### What is required
Count how many lines hold "without" in the records, and respond with that number by itself.

### Data
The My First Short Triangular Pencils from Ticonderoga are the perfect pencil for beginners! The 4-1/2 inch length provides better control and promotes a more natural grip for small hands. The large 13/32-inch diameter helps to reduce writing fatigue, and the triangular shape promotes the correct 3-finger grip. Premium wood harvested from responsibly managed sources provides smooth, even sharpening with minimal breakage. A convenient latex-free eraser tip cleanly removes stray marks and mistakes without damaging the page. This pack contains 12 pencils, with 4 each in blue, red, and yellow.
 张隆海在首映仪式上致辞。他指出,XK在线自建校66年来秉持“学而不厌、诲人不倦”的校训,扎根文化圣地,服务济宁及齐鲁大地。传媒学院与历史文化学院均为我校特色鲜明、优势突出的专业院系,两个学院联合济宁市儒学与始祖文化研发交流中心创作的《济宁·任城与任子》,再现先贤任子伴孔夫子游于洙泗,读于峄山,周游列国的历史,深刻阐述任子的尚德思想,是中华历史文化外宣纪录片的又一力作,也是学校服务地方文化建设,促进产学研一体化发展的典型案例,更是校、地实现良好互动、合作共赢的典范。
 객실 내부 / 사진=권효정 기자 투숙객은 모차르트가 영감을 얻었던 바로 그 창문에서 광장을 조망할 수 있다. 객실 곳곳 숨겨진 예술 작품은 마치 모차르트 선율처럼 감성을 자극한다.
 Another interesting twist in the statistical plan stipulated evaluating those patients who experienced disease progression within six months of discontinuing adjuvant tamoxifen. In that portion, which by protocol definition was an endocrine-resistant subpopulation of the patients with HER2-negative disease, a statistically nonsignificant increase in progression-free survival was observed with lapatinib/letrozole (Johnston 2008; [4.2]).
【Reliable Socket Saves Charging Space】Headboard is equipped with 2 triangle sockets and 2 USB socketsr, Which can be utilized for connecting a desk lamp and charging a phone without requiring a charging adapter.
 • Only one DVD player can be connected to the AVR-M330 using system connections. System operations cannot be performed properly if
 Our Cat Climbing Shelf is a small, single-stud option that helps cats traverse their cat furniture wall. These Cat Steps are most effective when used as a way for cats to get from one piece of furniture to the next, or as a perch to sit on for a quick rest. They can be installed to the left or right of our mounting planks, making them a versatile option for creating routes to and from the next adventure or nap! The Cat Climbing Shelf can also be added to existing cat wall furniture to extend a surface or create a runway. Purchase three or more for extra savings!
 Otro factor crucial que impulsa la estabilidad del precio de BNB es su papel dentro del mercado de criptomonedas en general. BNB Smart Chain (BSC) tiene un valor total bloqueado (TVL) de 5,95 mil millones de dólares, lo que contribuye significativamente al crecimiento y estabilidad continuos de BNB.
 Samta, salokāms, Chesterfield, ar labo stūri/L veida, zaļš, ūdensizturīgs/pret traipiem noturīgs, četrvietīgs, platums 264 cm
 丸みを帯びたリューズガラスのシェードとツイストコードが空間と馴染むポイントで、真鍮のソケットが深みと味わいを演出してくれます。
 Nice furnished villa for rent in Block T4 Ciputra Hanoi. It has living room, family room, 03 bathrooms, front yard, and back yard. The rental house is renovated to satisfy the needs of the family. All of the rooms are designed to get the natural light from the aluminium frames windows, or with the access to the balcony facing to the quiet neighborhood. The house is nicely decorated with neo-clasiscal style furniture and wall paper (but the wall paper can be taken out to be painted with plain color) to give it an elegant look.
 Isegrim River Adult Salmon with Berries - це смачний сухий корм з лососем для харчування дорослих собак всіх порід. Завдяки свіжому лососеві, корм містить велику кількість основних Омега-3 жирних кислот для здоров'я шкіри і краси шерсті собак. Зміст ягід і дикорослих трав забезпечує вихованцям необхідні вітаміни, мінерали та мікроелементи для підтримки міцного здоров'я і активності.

### Solution to this problem
2